The SAAV analysis presented above generated “pseudo-protein” sequences by substituting amino acids, based on short DNA read data from the 3K rice genome set, which have been mapped against the Nipponbare reference genome. There is thus potential for assumed SAAVs to be incorrect, due to sequencing errors (as the 3K set does not always have high depth of coverage), if gene structure genuinely differs across different varietal groups, or if the RAP-DB or MSU gene model for Nipponbare is not correct. To validate the SAAV data, we also mapped the phosphosites to recently released gene models for 16 new rice varieties, called the “MAGIC-16” [63]. In Figure 6, we display the protein sequence alignment across orthologs for cluster 1 protein LOC_Os09g04990.1 (Os09g0135400) position 427, with the position of an identified phosphosite marked. It can be observed that the pSer is present in tropical, sub-tropical, temperate and aromatic varieties, but absent in all indica varieties, except Zhenshan 97. The equivalent allele frequencies for this pSer site are trop_ref_freq=0.99; temp_ref_freq=0.99; admix_ref_freq=0.61; japx_ref_freq=0.99; subtrop_ref_freq=0.97; aus_ref_freq=0.01; aro_ref_freq=0.93; ind2_ref_freq=0.02; indx_ref_freq=0.05; ind1B_ref_freq=0.08; ind3_ref_freq=0.01; ind1A_ref_freq=0.03 – which appears to be in-line with the genuine protein sequences from the MAGIC-16 set. Protein sequences for all the MAGIC-16 set are available from Ensembl Plants and Gramene, enabling any phosphosites identified in this resource, to be cross-referenced to protein sequences annotated from high-quality whole genome assemblies, prior to any experimental work being conducted to validate PTM site differences.

Conclusions

In this work, we have performed a meta-analysis of phosphoproteomics datasets for rice, mapped onto the reference Nipponbare proteome. The pipeline includes conservative statistics to avoid reporting false positives, and a simple Gold-Silver-Bronze metric allowing users of the data to focus understand the likelihood of a site being correct.

The dataset has been deposited into UniProtKB enabling sites to be analysed alongside any other data held there about protein structure/function, including AlphaFold2 predictions for all rice proteins. The data is also available in PeptideAtlas and PRIDE, enabling detailed exploration of scores and visualization of source mass spectra, as a full evidence trail.

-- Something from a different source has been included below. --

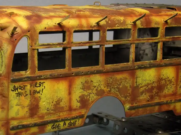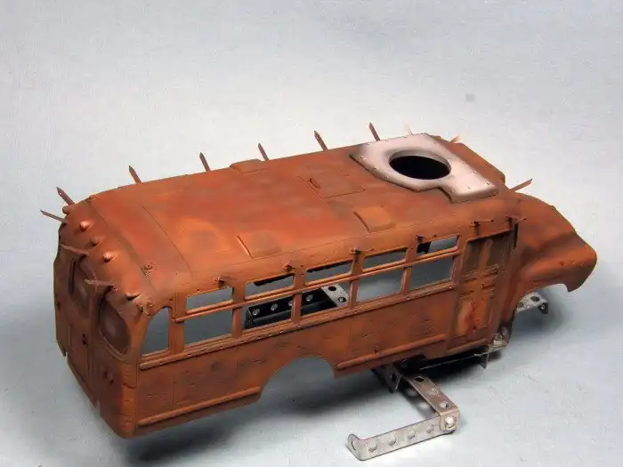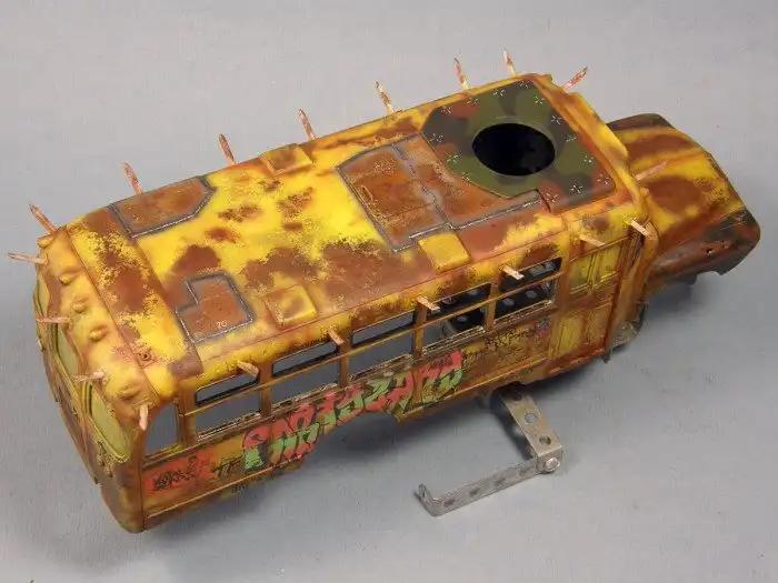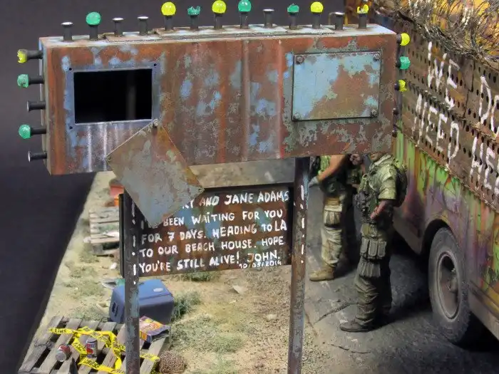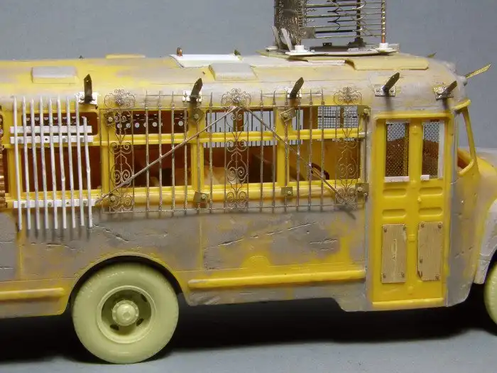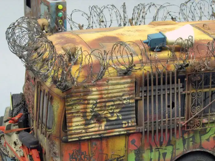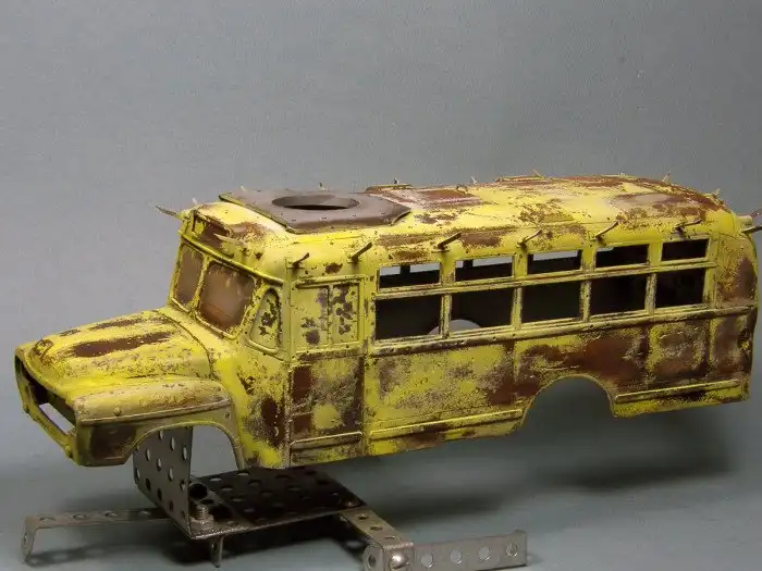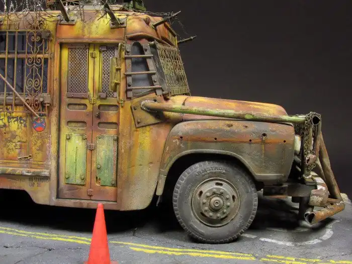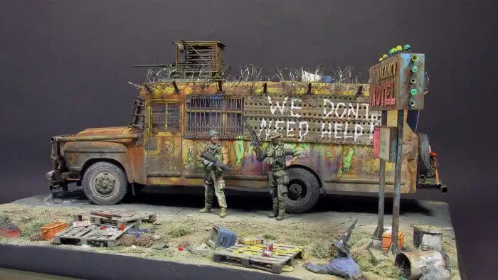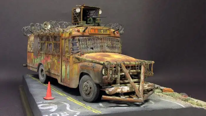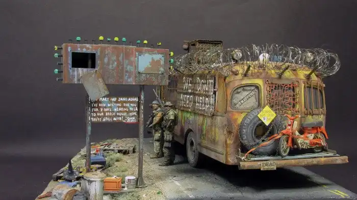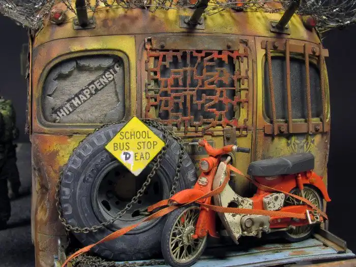 Большинство диорам, которые мы вам показывали, были посвящены Второй мировой войне, однако, сегодняшняя диорама посвящена зомби-апокалипсису и изображает зомби-автобус. Как собиралась эта диорама смотрим далее.

We have also mapped the data to variation coming from the 3,000 genome set, creating a resource for allele mining, where phosphosites are likely to have lost function due to amino acid substitutions in some rice varieties, with alterations to downstream cell signalling pathways. We expect this will be a powerful resource for rice biology, and all datasets are fully open and available for re-analysis.

Supplementary Material

Supplement 1
media-1.docx (17.8MB, docx)
Supplement 2

Supplementary Data File 1 – All_motifs: motifs found in each of the three categories (“Gold, Silver and Bronze”, “Gold and Silver” and “Gold only”) with enrichment scores and protein counts.

Supplementary Data File 2 - Genomic_site_data_w_SNP_annotation: All phosphosites identified in the study, along with their mapped genomic position, data on SNPs, single amino acid variants and functional annotations.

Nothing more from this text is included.